Brief ▸ With the line containing "Men’s Vintage Green" as the first and the final line of the entries as the last, repeat exactly the lines in that span, including both.

Given records ▸
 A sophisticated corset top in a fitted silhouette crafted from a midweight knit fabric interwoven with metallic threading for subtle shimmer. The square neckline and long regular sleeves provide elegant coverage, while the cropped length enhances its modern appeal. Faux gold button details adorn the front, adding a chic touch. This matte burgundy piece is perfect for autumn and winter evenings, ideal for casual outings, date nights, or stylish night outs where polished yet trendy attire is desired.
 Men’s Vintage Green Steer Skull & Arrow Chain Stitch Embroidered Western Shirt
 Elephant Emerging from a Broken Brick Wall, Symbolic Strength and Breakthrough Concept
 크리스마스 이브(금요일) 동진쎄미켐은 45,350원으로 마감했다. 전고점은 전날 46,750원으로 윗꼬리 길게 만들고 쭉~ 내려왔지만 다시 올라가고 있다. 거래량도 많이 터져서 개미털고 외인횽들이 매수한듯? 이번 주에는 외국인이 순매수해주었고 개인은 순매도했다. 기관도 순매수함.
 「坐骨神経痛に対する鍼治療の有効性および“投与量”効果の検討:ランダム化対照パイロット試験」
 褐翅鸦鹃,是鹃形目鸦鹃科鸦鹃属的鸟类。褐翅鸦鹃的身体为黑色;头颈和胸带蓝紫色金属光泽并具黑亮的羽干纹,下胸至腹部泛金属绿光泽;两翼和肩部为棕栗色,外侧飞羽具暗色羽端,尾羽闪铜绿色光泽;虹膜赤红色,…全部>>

Finished exercise ▸
 Men’s Vintage Green Steer Skull & Arrow Chain Stitch Embroidered Western Shirt
 Elephant Emerging from a Broken Brick Wall, Symbolic Strength and Breakthrough Concept
 크리스마스 이브(금요일) 동진쎄미켐은 45,350원으로 마감했다. 전고점은 전날 46,750원으로 윗꼬리 길게 만들고 쭉~ 내려왔지만 다시 올라가고 있다. 거래량도 많이 터져서 개미털고 외인횽들이 매수한듯? 이번 주에는 외국인이 순매수해주었고 개인은 순매도했다. 기관도 순매수함.
 「坐骨神経痛に対する鍼治療の有効性および“投与量”効果の検討:ランダム化対照パイロット試験」
 褐翅鸦鹃,是鹃形目鸦鹃科鸦鹃属的鸟类。褐翅鸦鹃的身体为黑色;头颈和胸带蓝紫色金属光泽并具黑亮的羽干纹,下胸至腹部泛金属绿光泽;两翼和肩部为棕栗色,外侧飞羽具暗色羽端,尾羽闪铜绿色光泽;虹膜赤红色,…全部>>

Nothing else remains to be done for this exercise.